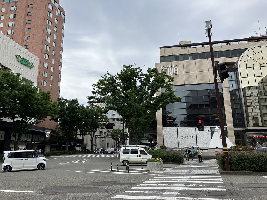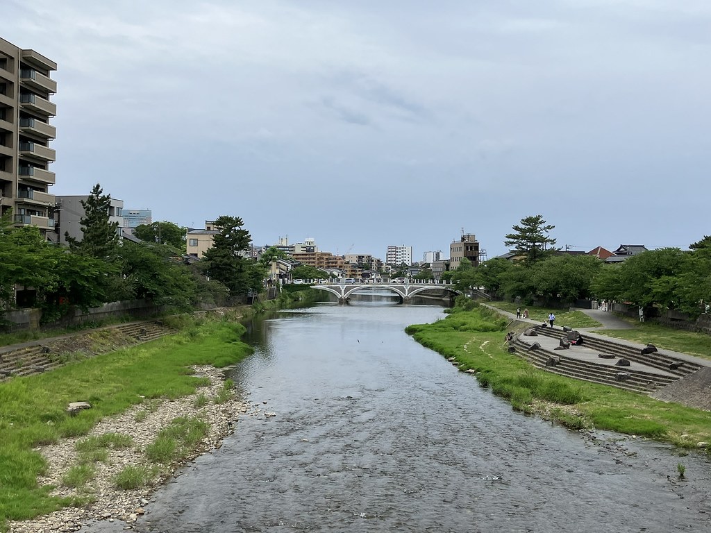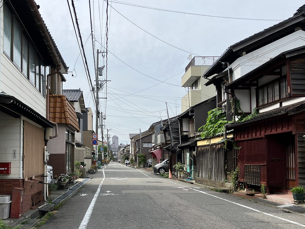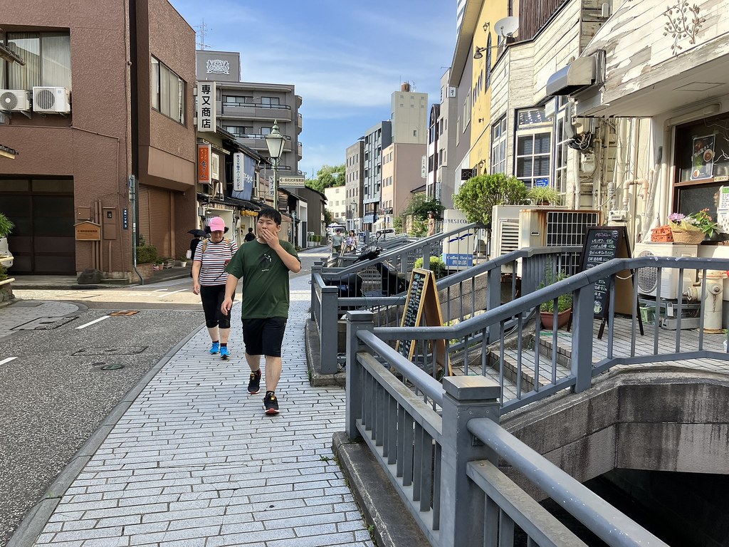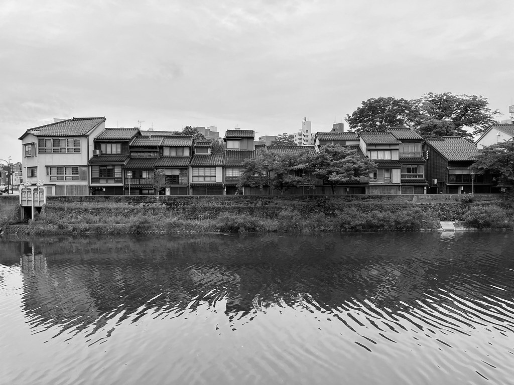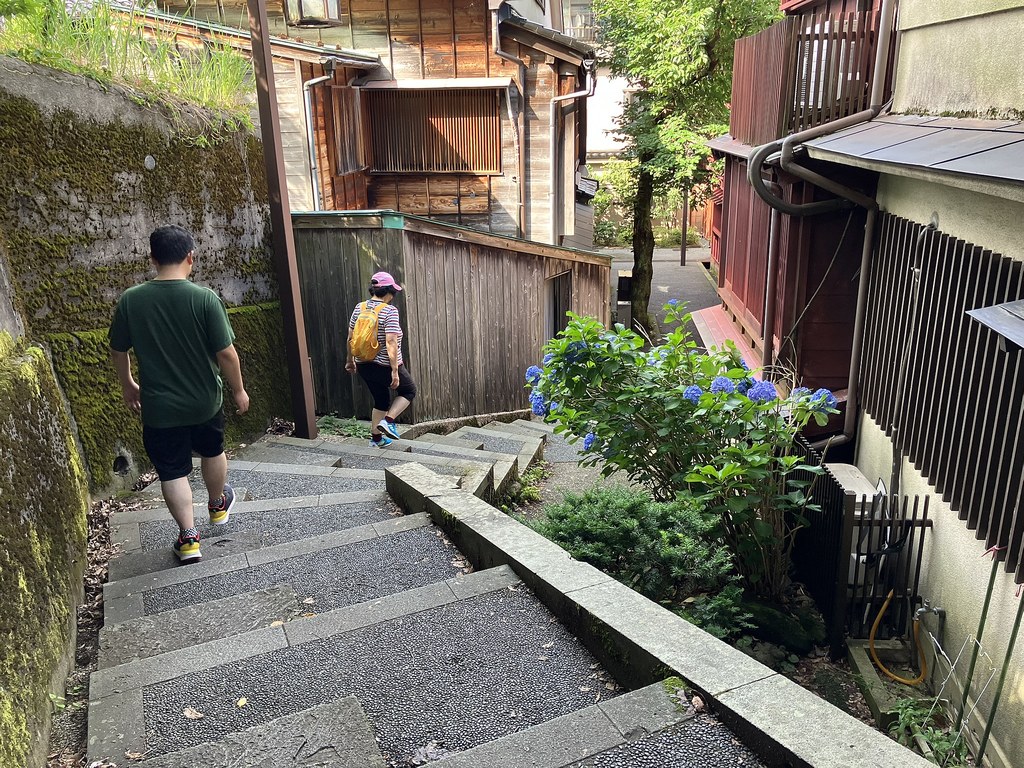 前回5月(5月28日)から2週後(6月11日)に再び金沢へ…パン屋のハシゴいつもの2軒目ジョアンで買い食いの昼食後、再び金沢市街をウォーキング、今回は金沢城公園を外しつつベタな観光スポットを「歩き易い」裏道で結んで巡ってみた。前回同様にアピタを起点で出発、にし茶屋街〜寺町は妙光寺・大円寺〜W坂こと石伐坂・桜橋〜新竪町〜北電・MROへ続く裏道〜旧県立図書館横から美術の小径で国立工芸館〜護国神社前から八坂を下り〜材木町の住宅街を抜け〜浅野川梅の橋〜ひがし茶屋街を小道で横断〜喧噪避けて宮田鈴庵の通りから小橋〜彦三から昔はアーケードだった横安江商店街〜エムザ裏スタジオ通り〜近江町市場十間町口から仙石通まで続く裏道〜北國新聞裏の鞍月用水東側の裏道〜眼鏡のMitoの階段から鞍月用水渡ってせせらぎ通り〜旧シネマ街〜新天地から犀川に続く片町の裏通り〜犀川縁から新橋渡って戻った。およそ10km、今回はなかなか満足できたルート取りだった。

...

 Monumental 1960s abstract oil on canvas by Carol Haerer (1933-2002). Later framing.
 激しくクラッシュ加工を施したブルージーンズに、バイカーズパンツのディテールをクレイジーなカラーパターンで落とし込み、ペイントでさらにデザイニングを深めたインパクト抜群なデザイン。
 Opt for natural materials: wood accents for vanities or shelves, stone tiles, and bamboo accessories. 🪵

# GOAL OF THE EXERCISE
Precisely the lines between those holding "激しくクラッシュ加工を施した" and "Opt for natural", inclusive, are to be reproduced from the listing above, with nothing added.

# WRITTEN RESPONSE
 激しくクラッシュ加工を施したブルージーンズに、バイカーズパンツのディテールをクレイジーなカラーパターンで落とし込み、ペイントでさらにデザイニングを深めたインパクト抜群なデザイン。
 Opt for natural materials: wood accents for vanities or shelves, stone tiles, and bamboo accessories. 🪵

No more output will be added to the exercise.